Much commentary on Big Data Analytics is about the technologies sprinkled with use cases to illustrate good practice. Too often we leave out people and particularly C-Level tier who rely more on intuition than data.
Every year the investment in BI & Analytics grows and whilst it would be comforting to think this was because enterprises want even more success. There is a nagging feeling that it is because many BI projects fail and let's try again.
Before investing in new analytics tools it is vital to define what is important to measure and why. In other words what and who will change as a result of the new visualisations, dashboards, drill-down reports? Too often that step is missed and projects run by strategic planners and analysts fail.
The new generation of self-service Analytics lets line of business people get involved. They can more often articulate what data analysis they need to make and execute better decisions. C-Level guys that take note of that can look forward to successful BI & Analytics projects and move away from gut feel to data driven decision making.

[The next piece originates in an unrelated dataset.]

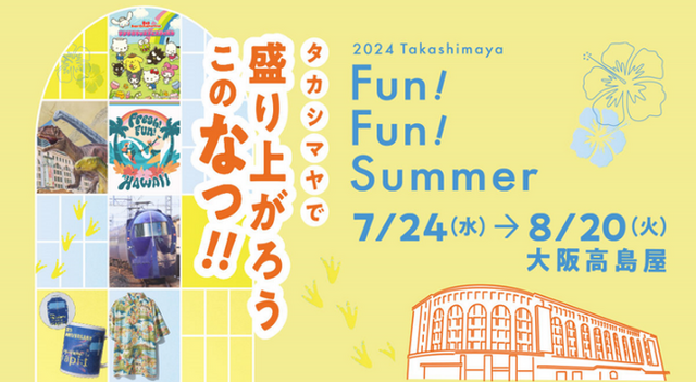 高島屋大阪店では、おこさまを中心に、家族三世代で楽しんでいただける夏休みイベントを開催します。かつての百貨店は、屋上の遊園地や最上階のレストランなどが行楽先のひとつでしたが、近年はショッピングモール、テーマパークなど商業・娯楽施設が多様化しています。そこで、今のおこさまへの家族での夏の思い出づくりとなるように、おこさまも大人も興味がわく「鉄道」「サンリオ」「恐竜」の3つの大型イベントをはじめ、百貨店ならではの体験ができるワークショップなど、期間中に30種類以上のイベントを実施します。

A relevant question- “Big Data” can ever mean “Big Money.” Another part of the problem is that to be good at “data-driven decision-making,” you need the right people in place… … but schools aren’t really teaching data-driven decisions yet … … and most people confuse what skill sets they actually are looking for. At the same time as all that is happening, senior leaders fear incompetence, like we all do. Most people come up in a working world being fed stuff like “We need to be vigorous in our decision-making!” and “Don’t back down!” or whatever. As a result, senior leaders tend to trust their guts on a lot of decisions; if they want to try something new or audacious, they’ll probably bring in a consultant so that they have someone to throw under the bus if/when it doesn’t work.